◆ **Task statement**: Where the listing below reaches the line containing "I miracoli del", start writing out lines exactly, and stop once the line containing "これは、獅子神が暴走して無差" has been written.

◆ **Supplied data**:
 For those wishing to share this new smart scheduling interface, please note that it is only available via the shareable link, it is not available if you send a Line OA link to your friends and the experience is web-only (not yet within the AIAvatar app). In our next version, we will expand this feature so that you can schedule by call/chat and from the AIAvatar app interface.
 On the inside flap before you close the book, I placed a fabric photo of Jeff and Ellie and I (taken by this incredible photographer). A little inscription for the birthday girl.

...

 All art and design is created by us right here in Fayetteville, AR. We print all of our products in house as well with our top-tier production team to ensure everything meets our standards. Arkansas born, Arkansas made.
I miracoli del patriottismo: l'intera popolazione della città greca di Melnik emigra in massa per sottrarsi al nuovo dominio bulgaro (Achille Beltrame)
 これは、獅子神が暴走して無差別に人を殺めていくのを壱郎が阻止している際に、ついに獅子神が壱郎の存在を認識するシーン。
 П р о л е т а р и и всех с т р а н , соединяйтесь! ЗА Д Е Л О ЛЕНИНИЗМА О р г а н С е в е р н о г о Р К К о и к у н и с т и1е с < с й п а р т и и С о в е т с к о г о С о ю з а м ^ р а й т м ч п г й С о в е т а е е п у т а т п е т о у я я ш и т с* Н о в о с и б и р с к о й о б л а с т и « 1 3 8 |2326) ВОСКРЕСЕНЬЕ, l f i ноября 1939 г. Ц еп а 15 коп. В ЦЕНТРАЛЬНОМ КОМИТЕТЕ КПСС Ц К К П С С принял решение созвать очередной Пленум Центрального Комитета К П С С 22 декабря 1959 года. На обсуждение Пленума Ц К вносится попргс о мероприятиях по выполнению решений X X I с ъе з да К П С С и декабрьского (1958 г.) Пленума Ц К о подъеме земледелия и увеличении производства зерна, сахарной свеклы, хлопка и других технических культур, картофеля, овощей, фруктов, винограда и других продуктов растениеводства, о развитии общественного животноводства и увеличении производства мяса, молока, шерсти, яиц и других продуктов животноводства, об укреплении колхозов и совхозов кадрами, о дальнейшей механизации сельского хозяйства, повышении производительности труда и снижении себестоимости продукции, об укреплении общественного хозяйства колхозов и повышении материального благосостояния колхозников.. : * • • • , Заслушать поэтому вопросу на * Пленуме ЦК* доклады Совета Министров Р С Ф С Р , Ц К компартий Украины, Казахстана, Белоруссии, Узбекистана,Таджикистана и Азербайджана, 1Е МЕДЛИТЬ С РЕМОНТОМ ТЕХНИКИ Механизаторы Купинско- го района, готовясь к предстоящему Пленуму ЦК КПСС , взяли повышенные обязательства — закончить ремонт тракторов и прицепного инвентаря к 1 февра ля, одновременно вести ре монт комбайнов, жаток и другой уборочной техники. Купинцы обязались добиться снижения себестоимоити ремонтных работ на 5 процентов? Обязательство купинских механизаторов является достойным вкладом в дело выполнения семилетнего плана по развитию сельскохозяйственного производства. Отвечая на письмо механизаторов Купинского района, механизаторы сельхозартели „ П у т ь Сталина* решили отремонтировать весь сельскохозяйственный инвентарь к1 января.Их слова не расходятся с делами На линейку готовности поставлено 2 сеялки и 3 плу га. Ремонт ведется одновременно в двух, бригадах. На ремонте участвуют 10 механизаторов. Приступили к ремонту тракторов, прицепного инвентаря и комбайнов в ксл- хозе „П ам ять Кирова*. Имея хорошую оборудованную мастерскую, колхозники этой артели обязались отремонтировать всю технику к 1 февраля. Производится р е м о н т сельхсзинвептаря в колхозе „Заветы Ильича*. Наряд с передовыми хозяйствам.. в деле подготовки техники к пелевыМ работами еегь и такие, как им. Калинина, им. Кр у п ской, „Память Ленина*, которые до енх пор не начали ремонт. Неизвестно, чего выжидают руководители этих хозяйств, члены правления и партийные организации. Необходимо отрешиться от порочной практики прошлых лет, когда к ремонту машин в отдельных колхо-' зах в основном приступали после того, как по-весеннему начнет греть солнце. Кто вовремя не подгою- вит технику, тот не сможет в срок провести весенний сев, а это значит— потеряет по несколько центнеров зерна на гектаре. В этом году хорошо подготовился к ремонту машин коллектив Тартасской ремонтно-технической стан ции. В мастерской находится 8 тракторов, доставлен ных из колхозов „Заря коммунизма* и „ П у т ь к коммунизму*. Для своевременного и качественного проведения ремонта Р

...

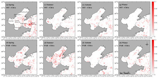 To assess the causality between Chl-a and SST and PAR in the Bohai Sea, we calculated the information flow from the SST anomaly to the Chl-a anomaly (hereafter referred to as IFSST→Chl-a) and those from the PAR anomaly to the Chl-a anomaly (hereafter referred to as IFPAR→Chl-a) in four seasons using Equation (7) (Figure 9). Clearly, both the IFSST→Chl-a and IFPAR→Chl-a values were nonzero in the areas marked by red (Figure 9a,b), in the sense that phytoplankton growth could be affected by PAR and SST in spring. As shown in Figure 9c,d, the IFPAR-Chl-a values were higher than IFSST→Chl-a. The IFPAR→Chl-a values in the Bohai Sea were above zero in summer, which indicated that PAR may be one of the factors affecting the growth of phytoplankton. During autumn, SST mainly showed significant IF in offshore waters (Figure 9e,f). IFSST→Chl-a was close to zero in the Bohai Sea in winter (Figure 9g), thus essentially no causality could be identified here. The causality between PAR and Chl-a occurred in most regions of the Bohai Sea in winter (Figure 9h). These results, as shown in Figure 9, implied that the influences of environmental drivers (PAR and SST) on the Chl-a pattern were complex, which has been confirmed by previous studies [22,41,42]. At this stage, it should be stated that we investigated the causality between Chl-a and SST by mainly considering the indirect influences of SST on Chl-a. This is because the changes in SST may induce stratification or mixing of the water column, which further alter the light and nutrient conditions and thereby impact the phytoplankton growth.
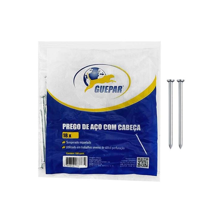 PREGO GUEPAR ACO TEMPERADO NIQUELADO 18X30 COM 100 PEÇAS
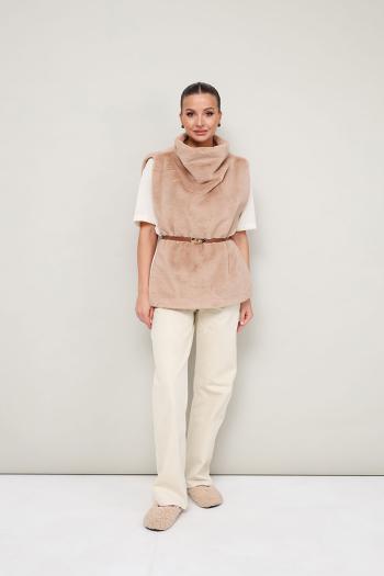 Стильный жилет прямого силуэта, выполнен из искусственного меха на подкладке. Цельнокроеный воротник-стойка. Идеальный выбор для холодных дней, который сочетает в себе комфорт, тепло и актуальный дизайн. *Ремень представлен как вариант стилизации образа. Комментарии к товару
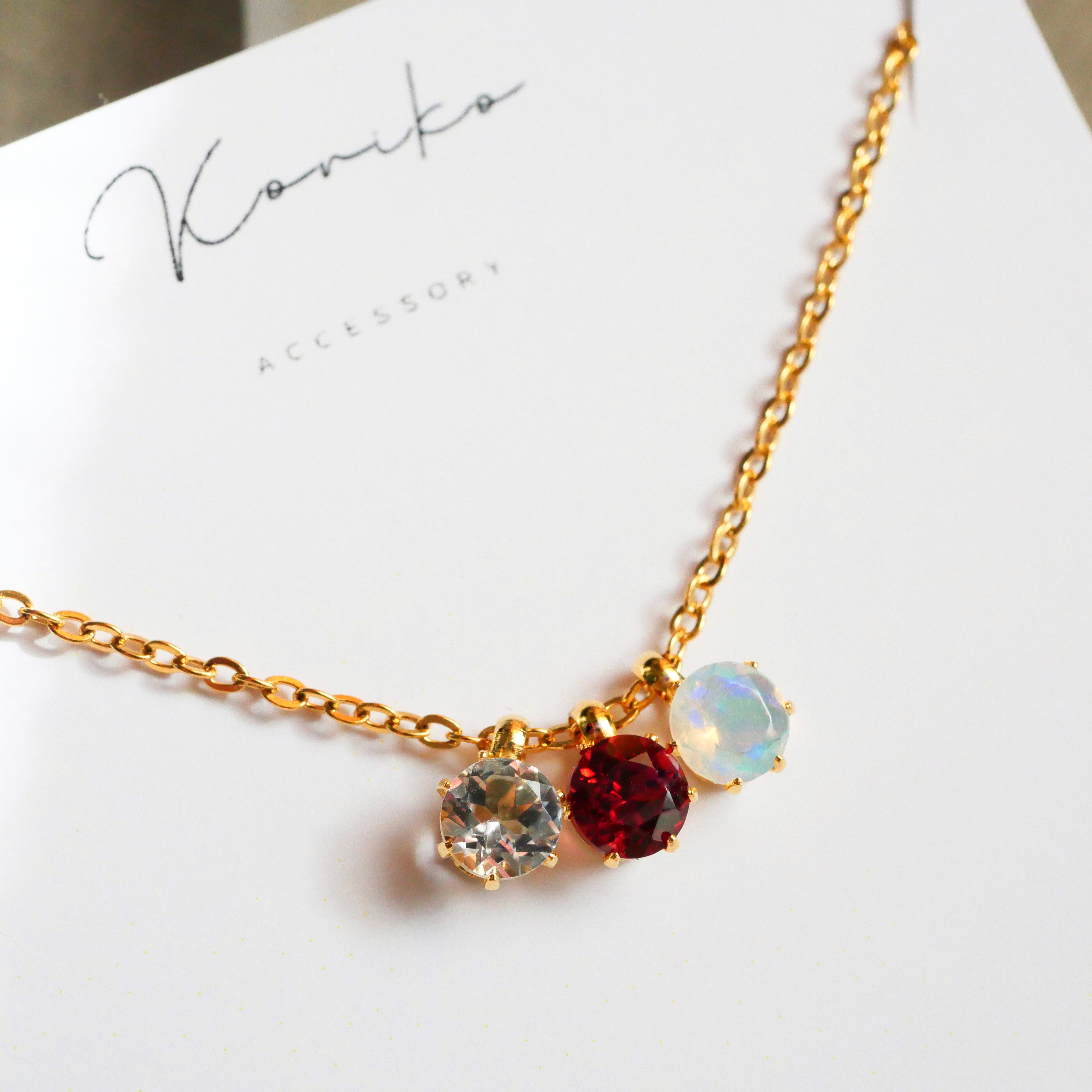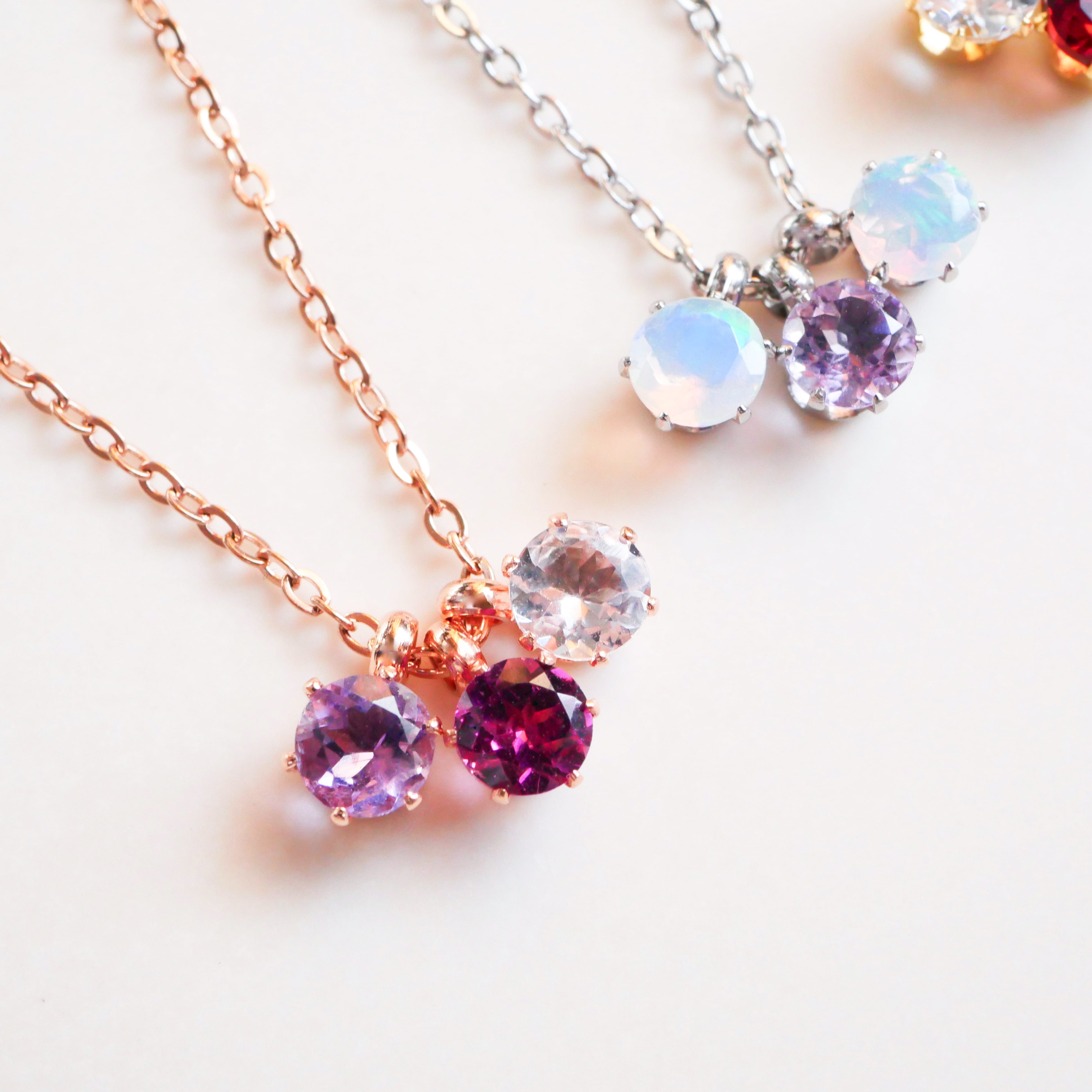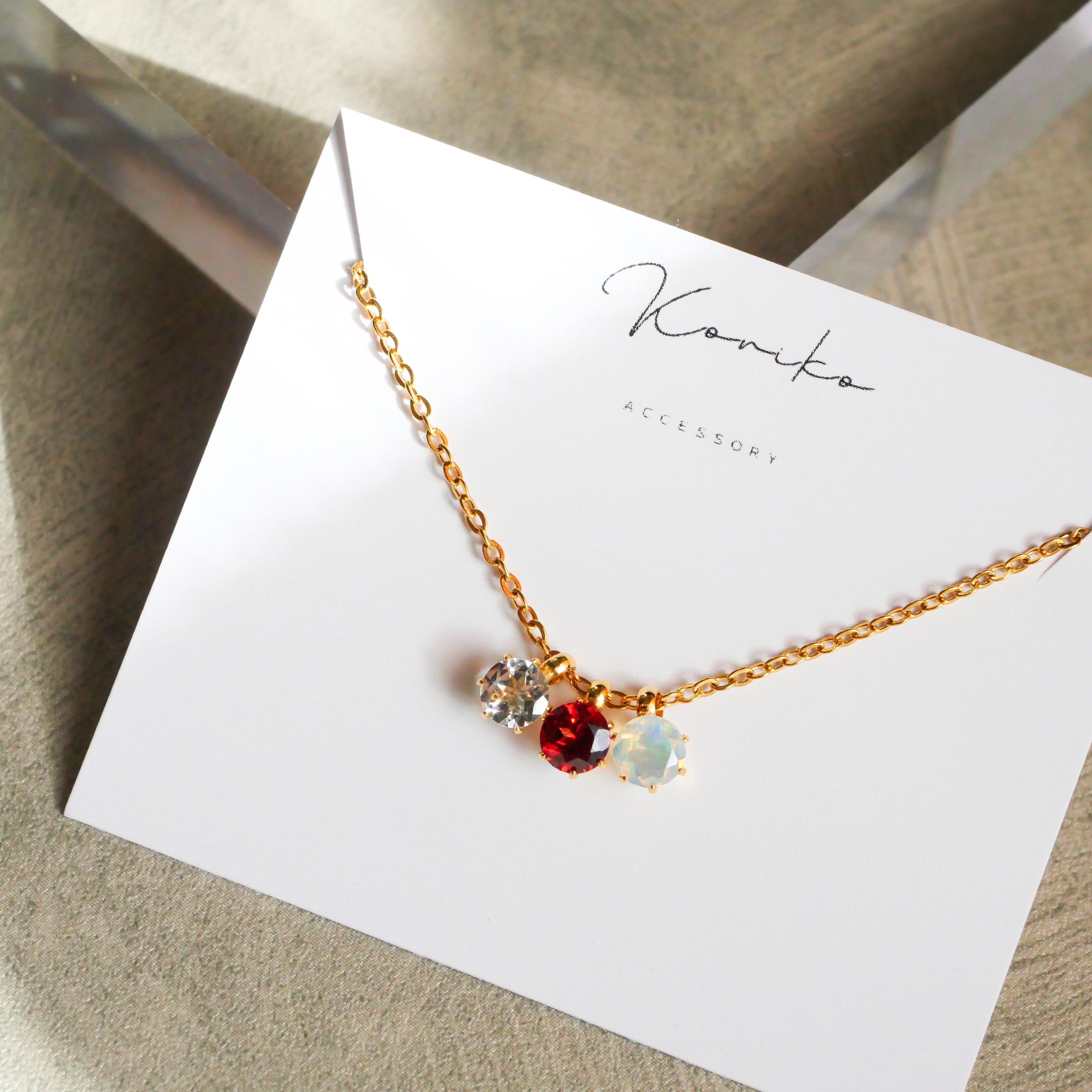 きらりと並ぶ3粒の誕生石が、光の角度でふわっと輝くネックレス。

◆ **Task result**:
I miracoli del patriottismo: l'intera popolazione della città greca di Melnik emigra in massa per sottrarsi al nuovo dominio bulgaro (Achille Beltrame)
 これは、獅子神が暴走して無差別に人を殺めていくのを壱郎が阻止している際に、ついに獅子神が壱郎の存在を認識するシーン。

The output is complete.